The defendant filed a special motion to strike the complaint under California’s anti-SLAPP (Strategic Lawsuit Against Public Participation) statute (Cal. Civ. Proc. Sec. 425.16) which entitles such motion in any cause of action “arising from any act of [the defendant] in furtherance of [his or her] right of petition or free speech under the United States or California Constitution in connection with a public issue … unless the court determines that the plaintiff has established that there is a probability that the plaintiff will prevail on the claim.” The trial court denied the motion to strike, but the Court of Appeal reversed.

The court broke the analysis down to three questions: (1) Did plaintiffs’ cause of action arise from conduct in furtherance of the defendant’s petition or speech rights? (2) Was defendant’s conduct connected with a public issue? and (3) Had the plaintiffs established a probability of success on their claims? The court easily determined that the first two questions were to be answered in the affirmative. Most of the analysis focused on the third question. The court determined that the plaintiffs had not established a probability of success on their claims.

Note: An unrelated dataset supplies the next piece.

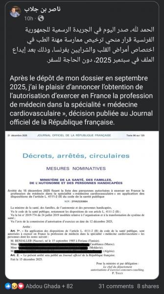 Un jeune médecin tunisien, originaire de Kasserine, a annoncé sur sa page Facebook avoir obtenu l’autorisation d’exercer en France. Son parcours illustre à la fois les ambitions des professionnels tunisiens et les défis liés à la mobilité internationale.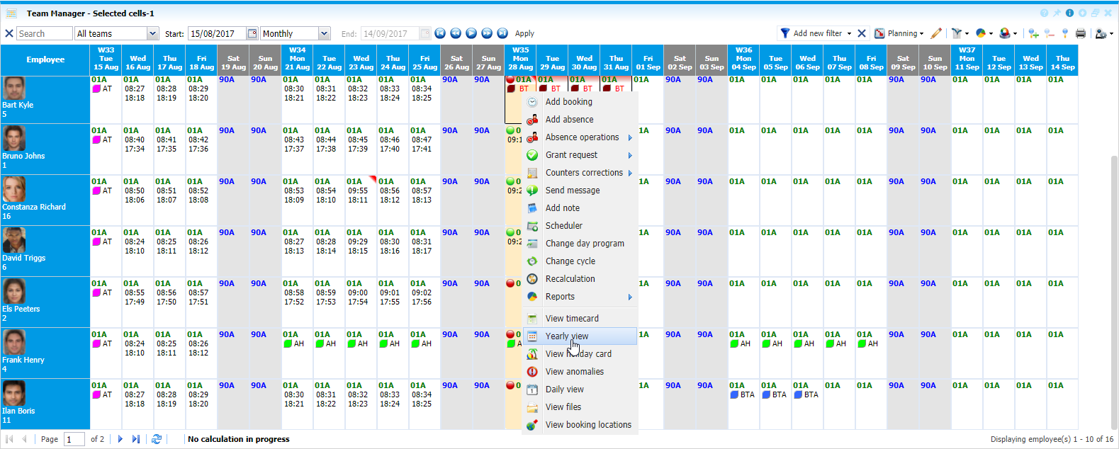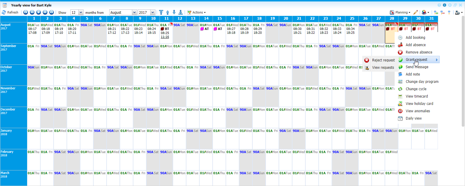 To grant/reject an absence request from in Yearly View from Team Manager, go to Operations - Team Manager, right-click on an employee cell and click Yearly view.

In finding that plaintiffs had not established a probability of success, the court noted that the complaint was legally insufficient on its face, because plaintiffs had failed to plead that defendant acted with “actual malice.” Furthermore, the complaint and the record was factually insufficient to support a probability of success for various reasons.

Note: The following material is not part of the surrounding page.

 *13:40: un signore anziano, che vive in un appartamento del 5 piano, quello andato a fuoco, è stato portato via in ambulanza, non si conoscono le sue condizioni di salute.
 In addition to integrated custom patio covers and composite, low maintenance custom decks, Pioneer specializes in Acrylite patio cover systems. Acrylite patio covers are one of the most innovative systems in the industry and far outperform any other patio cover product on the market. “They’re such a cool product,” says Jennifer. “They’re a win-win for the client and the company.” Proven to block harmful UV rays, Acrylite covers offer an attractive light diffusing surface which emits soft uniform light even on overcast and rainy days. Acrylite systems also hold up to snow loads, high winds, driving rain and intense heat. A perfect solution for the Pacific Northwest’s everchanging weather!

First, as discussed above, the claim that being called a “dumb ass” was defamatory failed as a matter of law for the inability of such a statement to be proved or disproved. Secondly, because the plaintiffs were public figures, they had the burden of proving the challenged statements were false. The court found that plaintiffs had not provided enough detail to show the “substantial falsity” of the claims. Finally, the court held that linking to various sites in connection with the plaintiffs’ names was not defamatory in that the association created thereby did not convey a substantially false meaning.

Vogel v. Felice, 2005 WL 675837 (Cal. Ct. App., March 24, 2005).